Here’s why I’m voting YES on Amendment 71 – Raise the Bar

by | Oct 31, 2016 | Capitol Review | 6 comments

Let’s face facts:  In 2016, new amendments to Colorado’s state constitution are more likely to diminish our rights than to protect them.

So the more I hear arguments about Amendment 71, the more I’m convinced that we need to vote yes to “Raise the Bar” to make it harder to amend our state constitution.

Colorado’s bill of rights covers the essentials: inalienable rights to life, property and pursuit of happiness; free exercise of religion; freedom of speech and of the press; right to bear arms; no taking of private property without just compensation; security from unreasonable search and seizure.
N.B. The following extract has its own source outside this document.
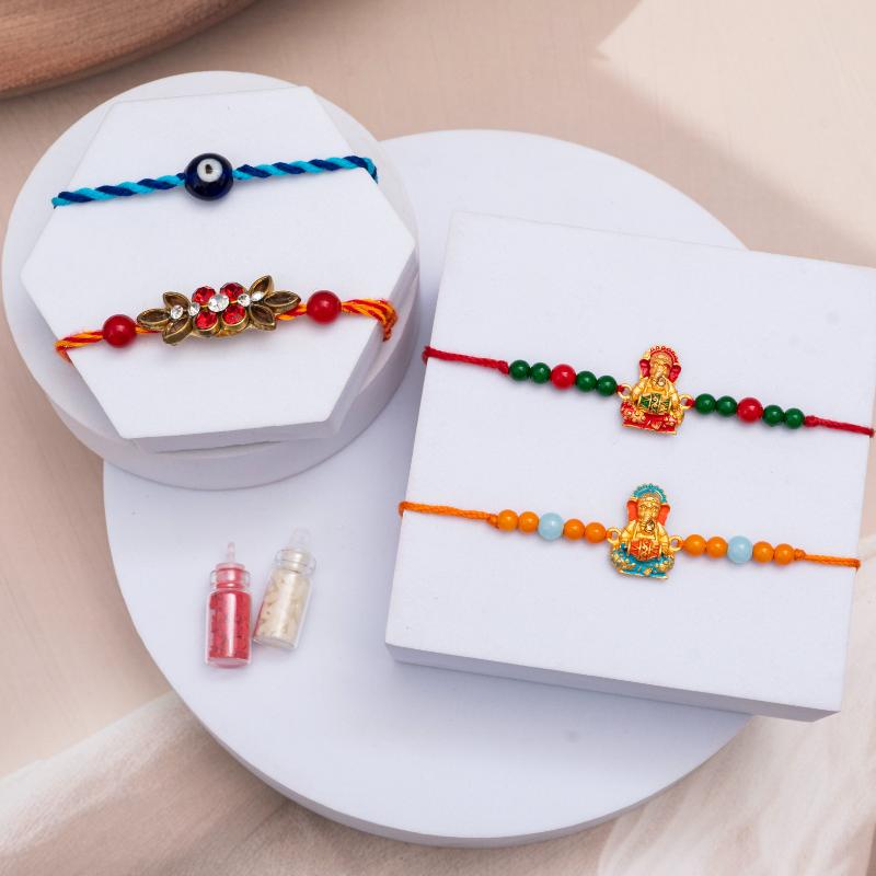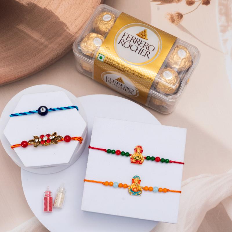 Add divine blessings, protective energy, and sweet indulgence to your Raksha Bandhan celebration with this thoughtfully curated Set of 4 Rakhis. It includes two spiritual Ganesha rakhis, a blue evil eye rakhi to ward off negativity, and a graceful stone rakhi—paired with a box of 12 Ferrero Rocher chocolates. A perfect mix of tradition, care, and gourmet delight for your beloved brothers.

However, the Colorado constitution lacks the checks and balances of the U.S. Constitution, which can be amended only by supermajorities — a two-thirds vote of the U.S. Senate and House of Representatives and ratification by three-fourths of the States.
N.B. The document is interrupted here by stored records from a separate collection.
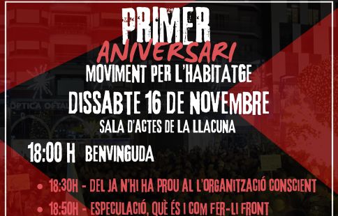 Tot i que, segons afirmen, “per part de les institucions, s’estan prenent mesures insuficients i els abusos de grans tenidors i especuladors no s’aturen”, subratllen la importància de fer una mirada enrere “per veure tot el que hem avançat, conèixer on estem i fer una mirada cap al futur.” Per finalitzar l’acte, a les 20:00 oferiran “un petit refrigeri i pica-pica per a les assistents.”
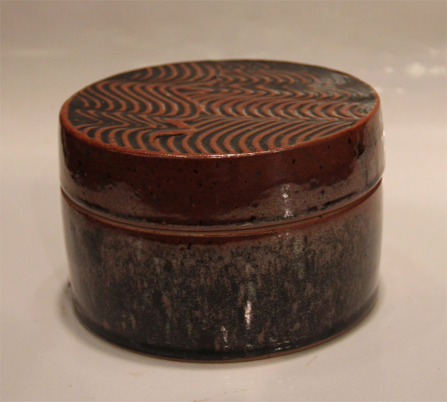 Finn Lynggaard (1930-2011) Rund Brunglaseret box 11 x 16 cm
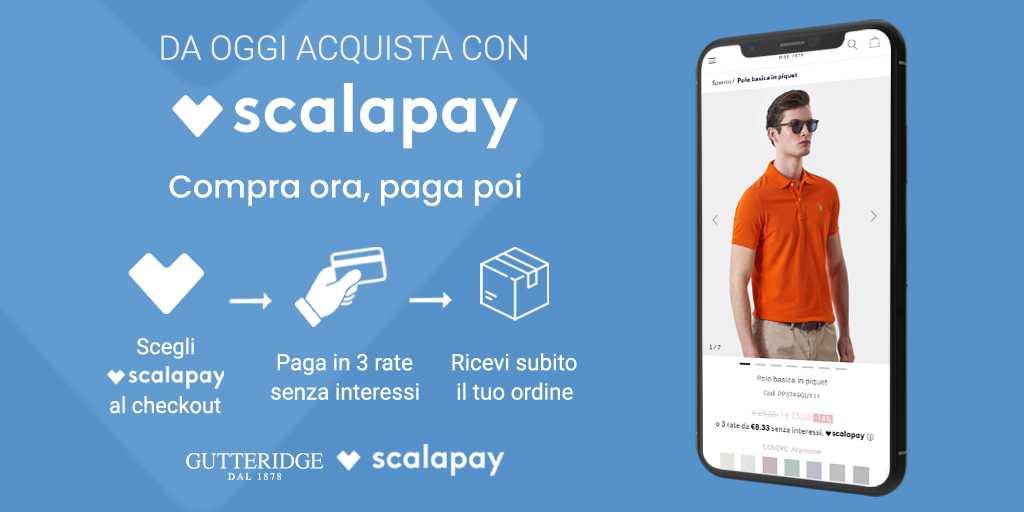 I SALDI continuano: scopri tutti i capi della collezione Gutteridge scontati fino al -50%. In più, da oggi con Scalapay puoi pagare in 3 comode rate senza interessi e ricevere il tuo ordine subito!
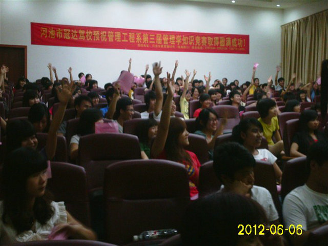 本站管理工程系学生会宣传部讯(李伯林) 为了丰富我系广大青年学生的校园生活,深化同学们对管理学知识的认识,加强校园学习氛围,促进学风建设和精神文明建设,我系于2012年6月6日晚7:30在学院第一学术报告厅举办了第三届管理学知识竞赛活动。出席此次活动的有:系领导韦永福主任、各专业课教师代表、赞助商代表、各班辅导员以及各系学生会代表和我系大一的全体同学。

The U.S. Constitution purposefully requires consensus and deliberation and discourages impulsiveness in order to protect our rights.

Colorado’s constitutional process is a product of the Progressive Era, which viewed the U.S. Constitution as outdated, so Colorado voters in 1910 approved a new process of citizen-initiated amendments: one vote, one time.  This is a tool for impulsiveness.

Petitioners can initiate an amendment by collecting signatures of registered voters (equal to 5% of the votes received by the winning candidate for Secretary of State, currently 98,492 signatures) or a two-thirds majority of the State House and State Senate may propose an amendment.

In either case, a simple majority of voters can alter our basic rights – whether to raise taxes to permanently fund a special-interest program, to raise our utility bills by arbitrarily mandating sources of energy, to order employers whether in Aspen or Eads to pay the same minimum wage, or to raise our utility prices higher still by restricting access to oil and gas deposits.

If 950,001 vote “yes” and 950,000 vote “no,” the state constitution is amended — permanently, in most cases.  That’s ridiculous.

Many of these amendments simply use mob rule to pick the pockets of our fellow Coloradans by dictating terms and costs of private transactions.  That’s akin to legalized theft!

Without Amendment 71, a well-funded special interest can simply pay a professional petition circulator to disperse its minions across the Denver metro area to collect the requisite signatures.

That’s why the Colorado Constitution has been amended more than 150 times and tallies more than 70,000 words.  The U.S. Constitution has just 27 amendments and 7,591 words and has been around 100 years longer.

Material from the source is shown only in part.